Людомара улыбнулась.

– Ему бы еще поспать, – сказала она, подошла к животному и потрепала его за ухо. Иисеп заурчал от удовольствия.

– В путь! – приказал охотник, и животное, услыхав эти слова, встрепенулось и слегка рыкнуло.


Сладострасный эвр. Необычный дар. Людомар Светлый


Путь к Светлому пролегал по тропе особо нелюбимой людомаром. Высокие охотники вообще не любили наземные тропинки и пути. На них слишком легко устроить засаду, поэтому Сын Прыгуна выбрал путь, проходивший по ветвям деревьев.

Он отошел от донада достаточно далеко, как вдруг над лесом разнесся дребезжащий рев. Неприятными волнами он расходился над верхушками деревьев, цеплялся за их ветви и вызвал мурашки на теле охотника.

– Соун, – невольно выдохнул Сын Прыгуна, сразу же насторожившись.

Древнейший рефлекс не позволил ему продолжить путь к единственному оставшемуся мудрецу своего народа. Он заставил охотника спрыгнуть с ветки и пойти по направлению к своему фамильному соуну.

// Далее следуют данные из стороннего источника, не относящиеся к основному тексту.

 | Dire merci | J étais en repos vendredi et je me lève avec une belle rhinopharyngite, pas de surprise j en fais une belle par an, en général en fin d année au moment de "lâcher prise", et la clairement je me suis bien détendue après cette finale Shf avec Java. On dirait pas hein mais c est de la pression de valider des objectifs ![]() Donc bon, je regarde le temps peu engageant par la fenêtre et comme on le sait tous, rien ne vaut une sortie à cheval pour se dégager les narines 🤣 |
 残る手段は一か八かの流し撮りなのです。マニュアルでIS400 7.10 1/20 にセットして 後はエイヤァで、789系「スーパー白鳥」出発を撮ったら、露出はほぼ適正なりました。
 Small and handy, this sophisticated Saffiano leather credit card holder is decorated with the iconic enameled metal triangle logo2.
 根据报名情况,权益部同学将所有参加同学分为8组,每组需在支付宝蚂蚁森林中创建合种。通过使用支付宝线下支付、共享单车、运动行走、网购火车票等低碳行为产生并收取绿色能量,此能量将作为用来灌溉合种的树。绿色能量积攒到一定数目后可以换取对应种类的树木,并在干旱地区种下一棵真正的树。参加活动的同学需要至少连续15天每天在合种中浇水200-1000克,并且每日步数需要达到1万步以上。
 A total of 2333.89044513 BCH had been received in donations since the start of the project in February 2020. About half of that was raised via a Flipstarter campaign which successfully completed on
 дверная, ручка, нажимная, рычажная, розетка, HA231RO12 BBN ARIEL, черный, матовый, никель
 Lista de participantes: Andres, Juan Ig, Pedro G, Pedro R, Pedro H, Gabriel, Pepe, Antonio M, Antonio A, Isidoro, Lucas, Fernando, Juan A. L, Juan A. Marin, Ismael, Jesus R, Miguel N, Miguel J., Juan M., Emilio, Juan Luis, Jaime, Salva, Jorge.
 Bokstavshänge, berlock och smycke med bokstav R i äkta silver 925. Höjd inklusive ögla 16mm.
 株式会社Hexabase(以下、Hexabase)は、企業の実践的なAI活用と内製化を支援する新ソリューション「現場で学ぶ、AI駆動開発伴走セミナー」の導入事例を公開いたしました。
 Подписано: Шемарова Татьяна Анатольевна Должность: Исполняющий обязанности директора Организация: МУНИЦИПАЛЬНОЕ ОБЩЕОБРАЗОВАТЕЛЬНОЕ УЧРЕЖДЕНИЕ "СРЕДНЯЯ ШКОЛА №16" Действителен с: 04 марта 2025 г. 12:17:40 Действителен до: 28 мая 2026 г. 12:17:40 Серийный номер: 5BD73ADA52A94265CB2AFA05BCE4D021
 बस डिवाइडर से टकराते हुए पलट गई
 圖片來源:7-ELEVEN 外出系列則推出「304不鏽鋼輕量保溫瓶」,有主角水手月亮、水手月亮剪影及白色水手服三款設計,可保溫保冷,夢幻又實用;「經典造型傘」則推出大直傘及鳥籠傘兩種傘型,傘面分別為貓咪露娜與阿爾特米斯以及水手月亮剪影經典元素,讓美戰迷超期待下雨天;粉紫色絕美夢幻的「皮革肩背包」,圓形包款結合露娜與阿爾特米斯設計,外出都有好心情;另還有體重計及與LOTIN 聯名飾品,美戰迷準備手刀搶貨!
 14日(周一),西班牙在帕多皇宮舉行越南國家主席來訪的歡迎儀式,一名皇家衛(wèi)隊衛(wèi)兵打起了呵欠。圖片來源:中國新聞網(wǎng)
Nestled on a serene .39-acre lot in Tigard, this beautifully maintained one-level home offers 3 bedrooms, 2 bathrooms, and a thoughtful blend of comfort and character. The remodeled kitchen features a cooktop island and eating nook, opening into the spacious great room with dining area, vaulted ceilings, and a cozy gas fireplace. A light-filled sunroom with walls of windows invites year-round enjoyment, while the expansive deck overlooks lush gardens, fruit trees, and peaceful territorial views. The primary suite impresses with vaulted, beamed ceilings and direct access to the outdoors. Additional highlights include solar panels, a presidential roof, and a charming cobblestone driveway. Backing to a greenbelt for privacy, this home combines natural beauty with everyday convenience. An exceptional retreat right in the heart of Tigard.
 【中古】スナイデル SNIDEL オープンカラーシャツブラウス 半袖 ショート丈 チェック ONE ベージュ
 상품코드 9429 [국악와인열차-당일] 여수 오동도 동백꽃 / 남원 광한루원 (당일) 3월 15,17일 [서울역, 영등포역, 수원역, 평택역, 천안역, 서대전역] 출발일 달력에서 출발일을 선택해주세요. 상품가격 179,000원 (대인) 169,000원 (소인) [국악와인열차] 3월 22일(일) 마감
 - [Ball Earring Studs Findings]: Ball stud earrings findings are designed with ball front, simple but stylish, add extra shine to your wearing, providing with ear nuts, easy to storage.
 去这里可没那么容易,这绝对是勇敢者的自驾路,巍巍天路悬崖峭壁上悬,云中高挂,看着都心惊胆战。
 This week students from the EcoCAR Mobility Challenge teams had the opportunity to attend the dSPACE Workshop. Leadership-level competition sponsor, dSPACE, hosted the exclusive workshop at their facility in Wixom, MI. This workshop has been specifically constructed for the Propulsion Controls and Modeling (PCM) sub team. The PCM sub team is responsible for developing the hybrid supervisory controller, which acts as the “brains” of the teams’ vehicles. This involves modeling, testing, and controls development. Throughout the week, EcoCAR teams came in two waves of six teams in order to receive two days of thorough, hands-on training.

Соун представлял собой старый тонкий ствол дерева, надлежащим образом очищенный изнутри. Он ничем не отличался от прочего бурелома, но те, кто знал, что это такое, могли в любое время прийти к нему и подудеть. Людомары всегда откликались на зов соуна. Помощь людомара стоила немало, но и обращались к ним те, кто находился в отчаянном положении. Чаще всего это были родители-пасмасы из близлежащих селений, дети которых забрели в Редколесье, а после и вовсе уходили в Черный лес, где их могли найти только людомары.

За много шагов до соуна Сын Прыгуна услышал женские всхлипы и недовольное бормотание мужчины.

У людомаров очень тонкий слух. Они способны услышать копошение муравьев на расстоянии в десять шагов. Между собой они общаются так тихо, что другие олюди не могут их слышать даже, если приставить их уши прямо ко рту людомара.

Рядом с трубой стоял низкорослый мужичок-пасмас. Это был узколобый, широколицый и остро смердящий пасмас коих в округе проживало неимоверное количество. Рядом с мужчиной сидела заплаканная женщина.

Людомар остановился в дюжине шагов от них, закрыл свои уши ладонями и вопросительно посмотрел на пасмасов.

– Чего эт он? – удивился мужичок.

– Говори-говори, он слушает тебя, – толкнула его в плечо женщина. – Говори скорейше, он ждать не будет. Уйдет, вовек не сыщем.

– А? Да… да. Ты… людомар… – Мужичок замялся с непривычки, и вдруг выпалил: – Квава пропал. – Пасмас поперхнулся и, вдруг, зарыдал. Женщина тоже заплакала.

– Сынок мой пропал, – выдавила она.

– Спаси… Помоги! – взревел мужичонка.

– Не кричи ты так. Он оглохнит жежь! – набросилась на пасмаса женщина. – Добрый людомар, – зашептала она, обернув к охотнику заплаканное лицо, – наш сыночек пропал. Уж третий раз Владыка око свое открыл, да нас лицезрел. Третий раз как не видели сыночка нашего, окаянного. Уж я грозила ему вдаль, уж я и поплакала, и к ведьмочке сходила. Прознала та, что в Чернолесье он. Один одинешенек. Страшно ему. – Голос женщины дрогнул и она сбилась. – Верни нам… его… людомар. От нас… от нас… век мы тебе… – И она снова зарыдала в голос. Охотник ничего не успел сказать, как она подошла к нему и протянула грязную рубашонку. От нее за версту несло терпким запахом пота, мочой и фекалиями. – Его это накидочка… Помоги… помоги, добром да светом-теплом тебя прошу… миленький… помоги.

Охотник кивнул.

Дети рождали в душе любого людомара странную формацию чувств и ощущений, которую и через века невозможно будет описать даже приблизительно. Эти переживания можно сравнить только с тем, как калека переживает об утрате части плоти или как некто нежно любит то, чего у него никогда не было. Людомары не могли разрождаться от любви между собой, как не умели любить. Никто не знал, откуда появляются дети-людомары в роще Явления, что у Красных Свидиг. Этого не знал даже Светлый, кто много зим подряд разносил младенцев по донадам соплеменников.